De ondergang van het ss. Wachtel


Omdat de oorlog na 1940 voortduurde moest er ook steeds aanvoer blijven plaatsvinden van goederen zoals munitie. Er waren in de regio op veel plaatsen stellingen met luchtafweer en op zee werden mijnen gelegd. De munitie hiervoor moest allemaal worden aangevoerd in hoofdzaak per schip. Langs de rivier het Scheur, benedenstrooms Maassluis, lag ooit een particulier haventje genaamd Poortershaven. In de Poortershaven werd voor de oorlog voornamelijk erts overgeslagen van binnenschepen op zeeschepen en andersom. 

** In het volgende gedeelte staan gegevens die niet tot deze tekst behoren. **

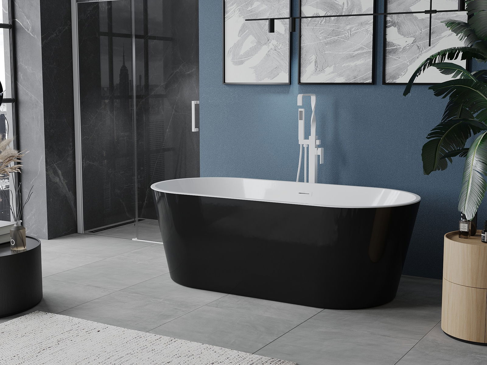 Mexen Luna свободностояща вана 160 x 75 cm, бяла/черна, бял преливник - 52031607575-20
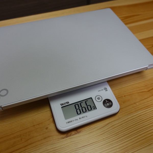 シルバーホワイトのレビュー機の重量は866g(実測値)。

Nadat de Duitsers 10 mei ons land binnen vielen duurde het dan ook niet lang of de Kriegsmarine nam Poortershaven in gebruik. Vrachtschepen kwamen uit Duitsland over de Noordzee via de Nieuwe Waterweg de rivier het Scheur op en konden aan de oorspronkelijke lange steiger van Poortershaven afmeren. De Schnellboote werden aan de oude laad- en loskade bevoorraad. Hier werd munitie aangevoerd, met name voor de opslag van zeemijnen en het Sperrwaffenkommando kreeg hiervoor de verantwoording. Deze dienst maakte ook de (zee)mijnen onschadelijk die in de regio werden gevonden.

Naarmate de geallieerden na hun landing op 6 juni 1944 op de stranden van Normandië oprukten naar Nederland verplaatsen de geallieerde jachtbommenwerpers ook hun basis mee. Dit betekende dat Duitse militaire doelen in ons land steeds intensiever werden aangevallen. In de “Festung Hoek van Holland” was men dagelijks bezig met het beschieten van geallieerde vliegtuigen.   

ss Wachtel

In de vroege ochtenduren van maandag 2 oktober 1944  arriveert het Duitse vrachtschip “Wachtel” (992 Brt.) van  Argo Reederei Richard Adler & Co., geladen met 2400 ton munitie en gaat voor anker ter hoogte van het steiger bij de exportslagerij “Vianda”, recht tegenover een zware batterij luchtafweergeschut. 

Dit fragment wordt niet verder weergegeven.